I think there was a time when many of us truly believed we were “good” people, even if our conduct and how we treated one another belied this belief. But when no one is looking or listening, even those of us who still wallow in denial of who we truly are, would agree that we are not as good as we project. I am sad to say this but you’d be taking a huge risk if you give your trust to the average person trapped in this colonial space! No, I didn’t come across any Afrobarometer survey to support this conclusion, it is based on my observation over the past three decades. And that’s good enough for me. You may have a different conclusion, and that is also good enough for me. But if I refuse to befriend or hang out with you even once, or if I ended whatever relationship I had with you, or if you see that I am not as interested in building a relationship with you as you are with me, please do not take it personally. I find comfort and security in cynicism when I am dealing with our people. The problem is not you, I am the problem. You see, I have a weakness. I am an emotionally sensitive person and I find betrayal very painful. Ergo, given how betrayal and duplicity are common among our people, I find peace in limiting who I trust. Simple.

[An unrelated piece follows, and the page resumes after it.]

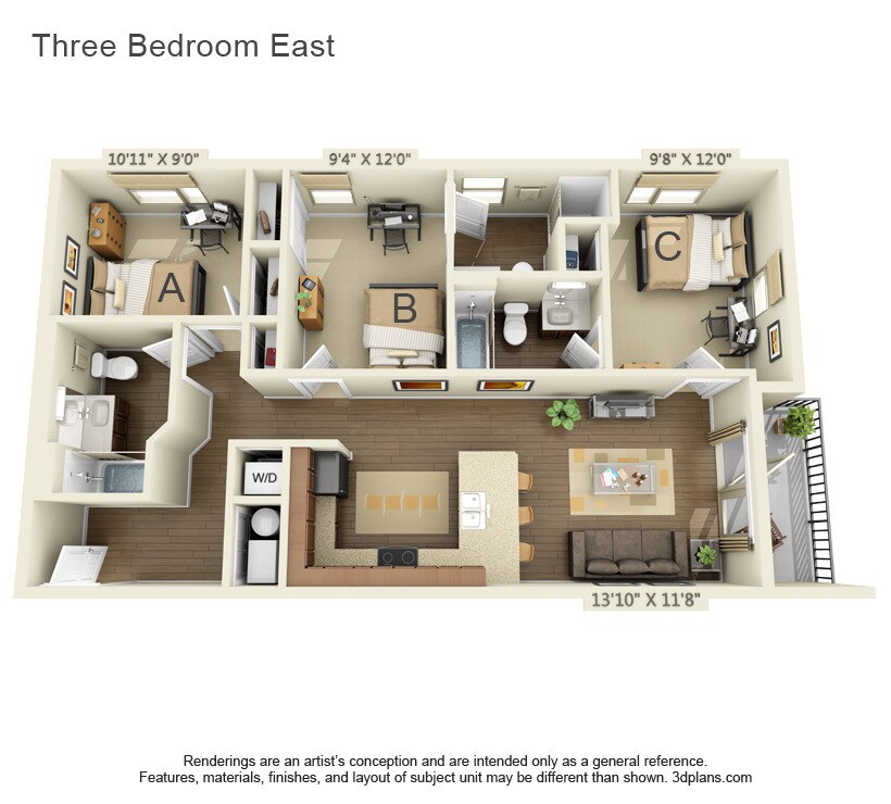 3 Beds, 3 Baths, 984 sq ftAvailable Aug 17, 2026Largest 3 BedroomThis is the largest 3 Bedroom at this PropertyModel Gallery

The reality in the colonial space is that when you visit any workplace, stories about betrayal, abuse, greed, and envy are not only rampant but accepted as normal. It is the same story within families and in our relationships. In fact, many of our relationships, whether business, personal, or professional, cannot stand the grinding wheel of time due to money palaver, folks green with envy, insecurity masked with bravado, insincerity, lies, disloyalty, and greed. You name the vice and you’ll find it in excess in this colonial space. I will not even talk about our politics. But what you see in our politics reflects who we are as a people. The fact is, traitorous behaviour is much more chewable in politics because we have convinced ourselves that politics is a dirty game and so it is fine if we play dirty. Why supposedly clean people will choose to play a dirty game does not factor in our BODMAS!

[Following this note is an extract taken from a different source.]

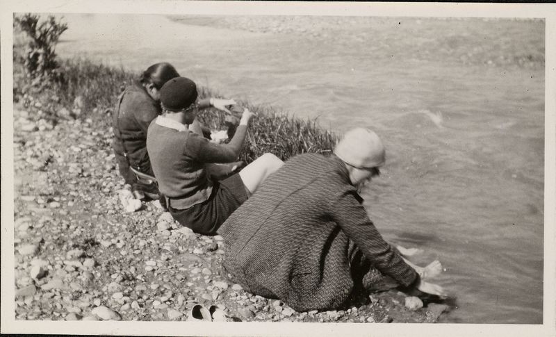 : "Preparing to cross stream near Haghia Triada 1937 DCS r. to I. Verna Broneer Mary Campbell (Roebuck) M. Hill (Wittmann, Written on back"

The painful truth is, we are not as good as we project. We use the facade of a religious cover to bamboozle one another, we exploit friendships, we take advantage of one another, we lie – a lot, we are not sincere, we don’t believe in much of anything, our relationships with others are mostly transactional, we worship money and power, we hail mediocrity, our empathy circle is limited, we are more tribal than we admit, our sense of right and wrong is fluid, we are not as tolerant as we project, our kindness is conditional, our humility is suppressed grandiosity, our sacrifices come with expectations of a reward, money is more important to us than the religious values we parrot, our religion is based on fear and not faith, and loyalty is a premium. Even sadder, we wallow in denial of our true selves.

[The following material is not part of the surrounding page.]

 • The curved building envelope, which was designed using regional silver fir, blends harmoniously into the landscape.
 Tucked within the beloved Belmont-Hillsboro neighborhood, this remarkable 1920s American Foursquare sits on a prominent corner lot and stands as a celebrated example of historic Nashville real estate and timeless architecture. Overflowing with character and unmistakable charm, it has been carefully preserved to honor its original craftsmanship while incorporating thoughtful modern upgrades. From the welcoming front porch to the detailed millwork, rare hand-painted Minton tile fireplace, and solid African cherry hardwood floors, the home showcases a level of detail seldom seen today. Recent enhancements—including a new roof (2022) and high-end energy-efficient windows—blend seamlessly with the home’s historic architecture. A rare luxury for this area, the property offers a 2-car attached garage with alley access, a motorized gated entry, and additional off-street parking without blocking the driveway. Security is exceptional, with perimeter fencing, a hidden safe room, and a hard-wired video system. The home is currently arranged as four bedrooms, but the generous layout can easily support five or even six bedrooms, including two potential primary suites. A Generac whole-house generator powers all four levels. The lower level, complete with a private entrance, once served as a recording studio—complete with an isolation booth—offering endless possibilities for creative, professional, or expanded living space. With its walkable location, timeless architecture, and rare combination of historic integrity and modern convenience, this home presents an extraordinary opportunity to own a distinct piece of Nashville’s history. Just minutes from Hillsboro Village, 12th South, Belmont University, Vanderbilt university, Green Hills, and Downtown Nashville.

Because too many of us wallow in denial, many would read this and hiss at me! Instead of reflecting, they’d claim I’m generalising and feign outrage because denial is titillating. Others would read this and insist I’m referring to the others. Not them. And that is because denial has sunk its teeth too deep into their soul. Some would even read this and insult me because that is who they are. It’s the only way they can soothe their battered conscience. When I said the Dictator Is Us, I wasn’t commending Yahya Jammeh for being one of us; I was normalising him because everything about Yahya Jammeh is as Gambian as it can be. You trust the average person in this colonial space at your peril. Don’t say I didn’t warn you.
Whoever gave my number to any “journalist” without my permission, mmang yangfa, balalu mala ahaa! Yes, I hold grudges! It’s the Gambian in me.